Oskar Linde - 2023-04-30

Thanks for checking this out! I've attached a new version with the following changes:

Added vice.texi documentation for the monitor commands

Changed linebreak column for profiler help to ~76

I've not been able to get my compiler to emit any format string warnings (building using llvm/clang for arm64, -Wpedantic -Wformat-pedantic). Can you share what warnings you get?

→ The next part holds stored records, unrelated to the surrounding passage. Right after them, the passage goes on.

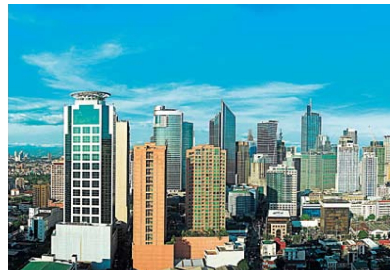
MODERNÍ MANILA. Epicentrem nákupů i byznysu a pýchou Filipínců je čtvrť Makati.

Na Filipínách jste se rozhodl zvolit podobnou strategii, jakou jste použil v Jižní Koreji. Tedy propojit obchodní pronikání s propagací české kultury. Funguje to?
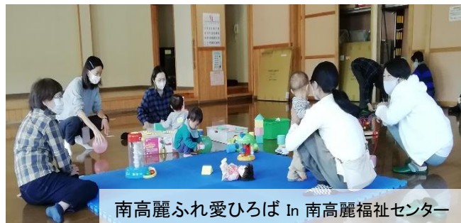
南高麗ふれ愛ひろば In 南高麗福祉センター
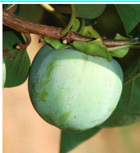
77 - Fruto (cerca de 70 % do tamanho final)
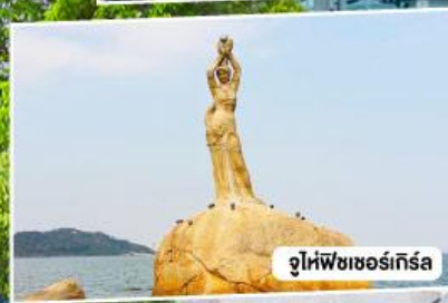
จูไห่ฟิชเชอร์เกิร์ล
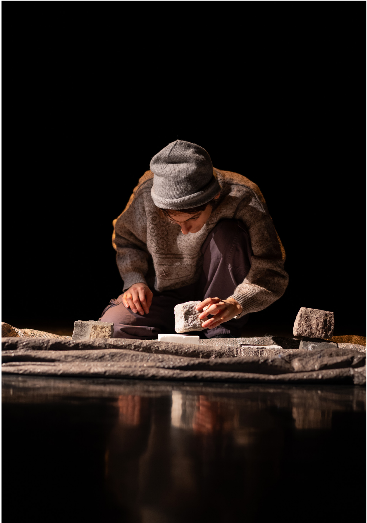
Festival Scènes d'Automne // Le CRÉA-Kingersheim / Alsace / Novembre 2023
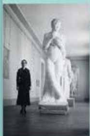
Rose Valland dans l'exposition « Les œuvres d'art volées pendant la Seconde Guerre mondiale », au Grand Palais, à Paris, le 10 septembre 1945.
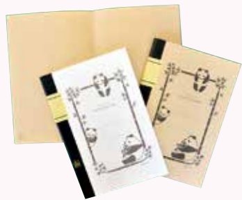
▲竹紙100ノート (中越パルプ工業(株)川内工場提供)

※うぶごえとおくやみは、本庁市民課または各支所、甌島振興局などに届け出(出生・死亡)をされた方で、広報紙への掲載に同意された方のみを掲載しています。
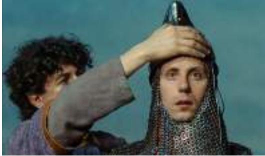
▲ Perceval le gallois (1978)
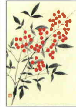
9 南天 [冬]
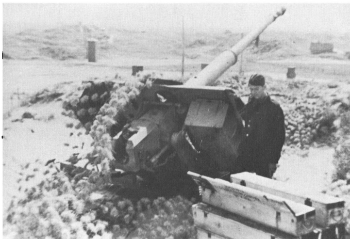
Efterladt kanon og ammunition ude i klitterne ved Blåvand.
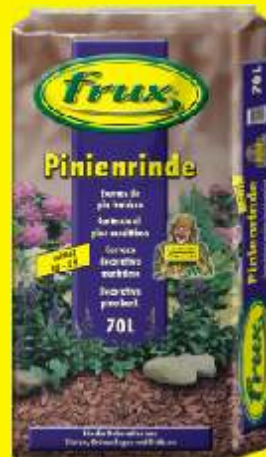
Ecorces de pin fraîches 10-25
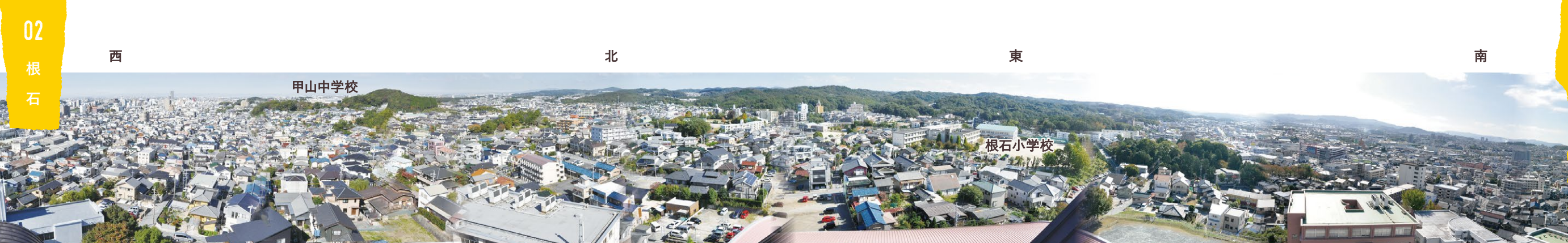
岡崎女子大学の屋上から見た根石学区の風景
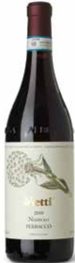
Nebbiolo Perbacco DOCG

I tested benchmarking in warp mode with and without the --enable-profiling flag for a workload. 3 repeats:

With: --disable-profiling 6.12 s 6.04 s 6.13 s With: --enable-profiling 6.13 6.05 6.08

So the performance impact of enabling profiling support seems to be in the noise. If you think this is sufficient, I'm happy to remove the configure option.

profiler-230430.patch
If you would like to refer to this comment somewhere else in this project, copy and paste the following link:

Oskar Linde - 2023-04-30

Hmm, with profiling turned on from boot, 58 million samples collected in ~6 seconds, I got the virtually the same warp execution timings.

If you would like to refer to this comment somewhere else in this project, copy and paste the following link:

gpz - 2023-05-02

I am running the testbench on x64sc now, just to see if this might break something.

That looks good....

Hmm, with profiling turned on from boot, 58 million samples collected in ~6 seconds, I got the virtually the same warp execution timings.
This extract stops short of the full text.